2. The pointing coordinate transformation method of claim 1, wherein, Step 1 specifically comprises: Step 101, establishing a satellite reference coordinate system by measuring the physical reference plane of the satellite ; Step 102, establishing an antenna installation reference coordinate system by measuring the physical reference plane of the antenna ; Step 103, calculating the installation parameter matrix The expression is: In the formula, Representative axis With axis The included angle, Representative axis With axis The included angle, Representative axis With axis The included angle, Representative axis With axis The included angle, Representative axis With axis The included angle, Representative axis With axis The included angle, Representative axis With axis The included angle, Representative axis With axis The included angle, Representative axis With axis The included angle.
3. The pointing coordinate transformation method of claim 2, wherein, Step 101 specifically includes: measuring the satellite's... datum plane and Reference planes, with any measurement point on these two reference planes as the origin. And establish based on its normal direction shaft and The axis is then determined using the right-hand rule. axis.
4. The pointing coordinate transformation method of claim 2, wherein, Step 102 specifically includes: measuring the existing antenna mounting flange or frame. Mounting reference plane and Install reference planes, and use any measuring point on these two reference planes as the origin. And establish based on its normal direction shaft and The axis is then determined using the right-hand rule. axis.

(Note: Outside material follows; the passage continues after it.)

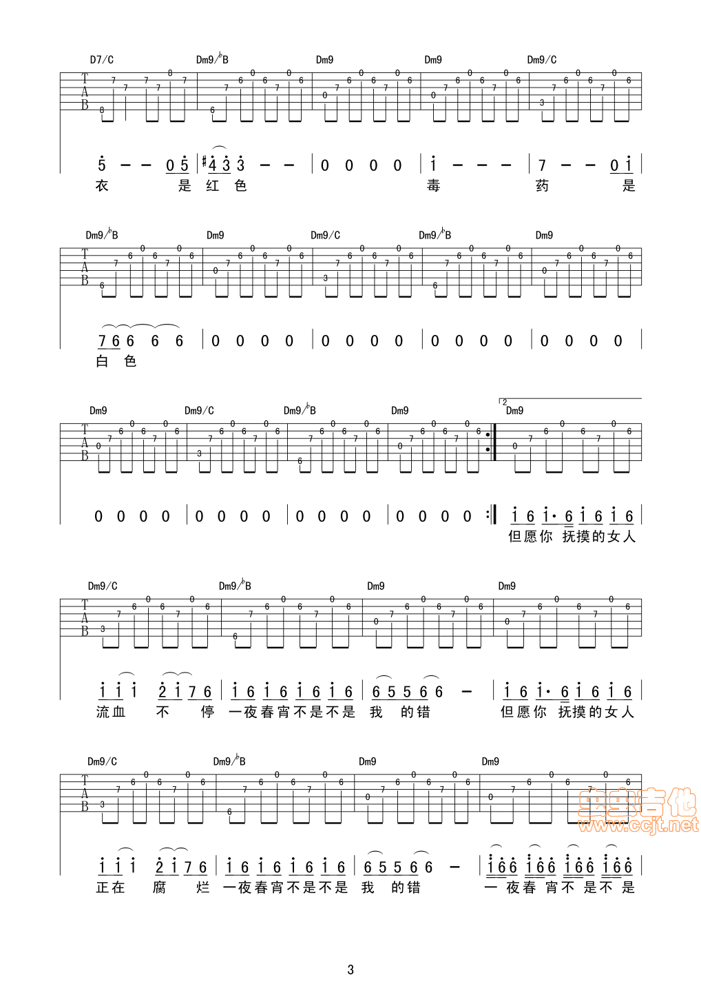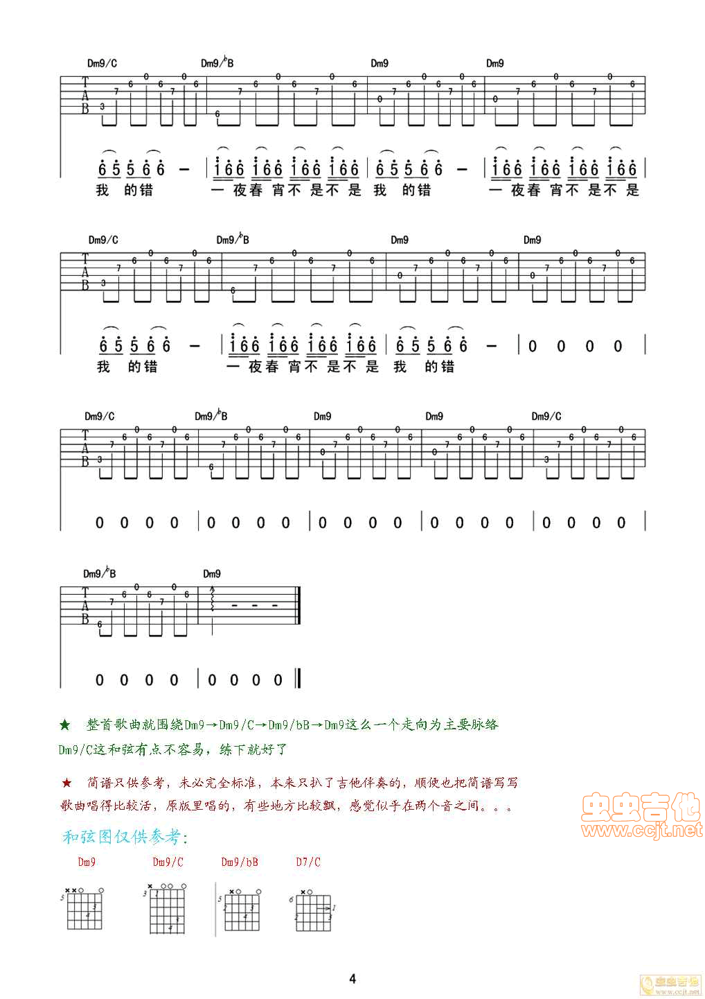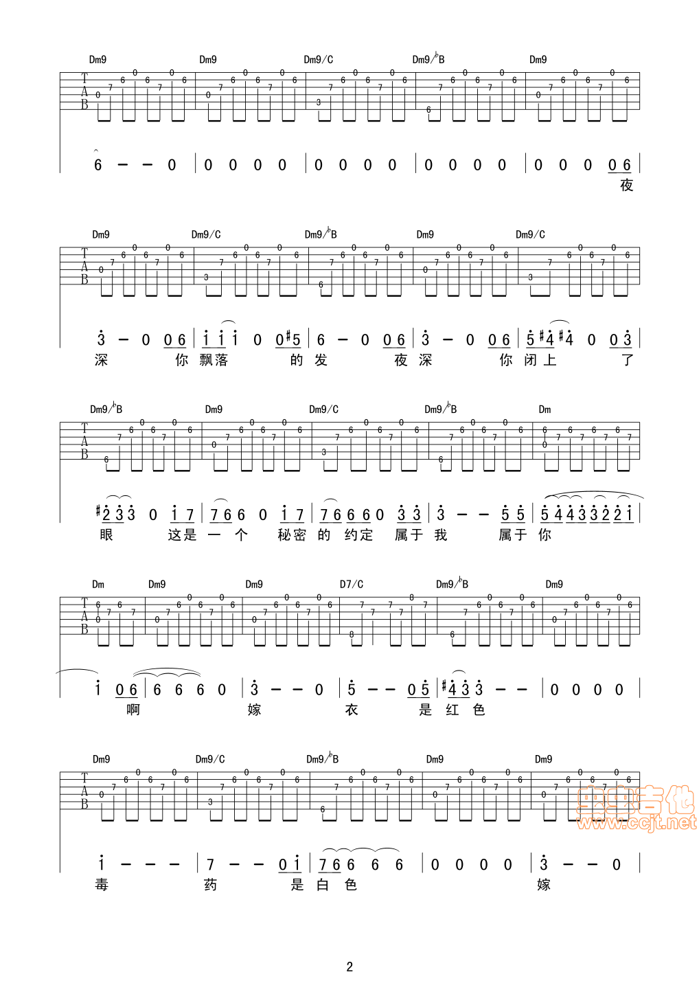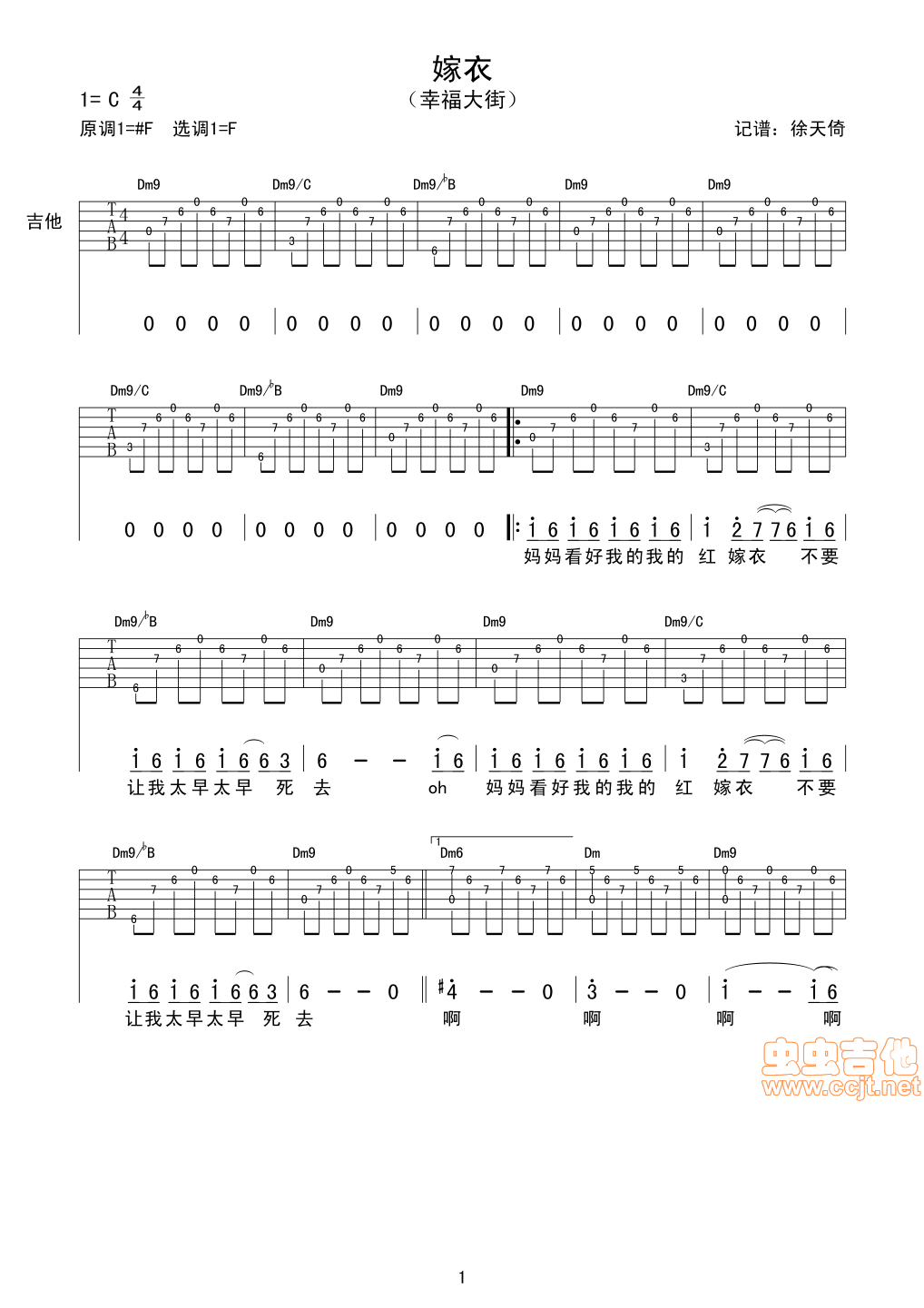 曲谱介绍: 《嫁衣》吉他弹唱谱,共有4张高清图谱。

5. The pointing coordinate transformation method of claim 1 or 2, wherein, Measuring the offset angle of the antenna Specifically, this includes: measuring the spatial direction of the antenna principal axis when the antenna's electrical axis is in the zero-position attitude, and calculating the relationship between the antenna principal axis and the antenna mounting reference coordinate system. The angle between the axes is referred to as the offset angle.
6. The pointing coordinate transformation method according to claim 1 or 2, characterized in that, In step 3, the expected pointing coordinates are calculated according to satellite orbit parameters and the ground position of the communication target.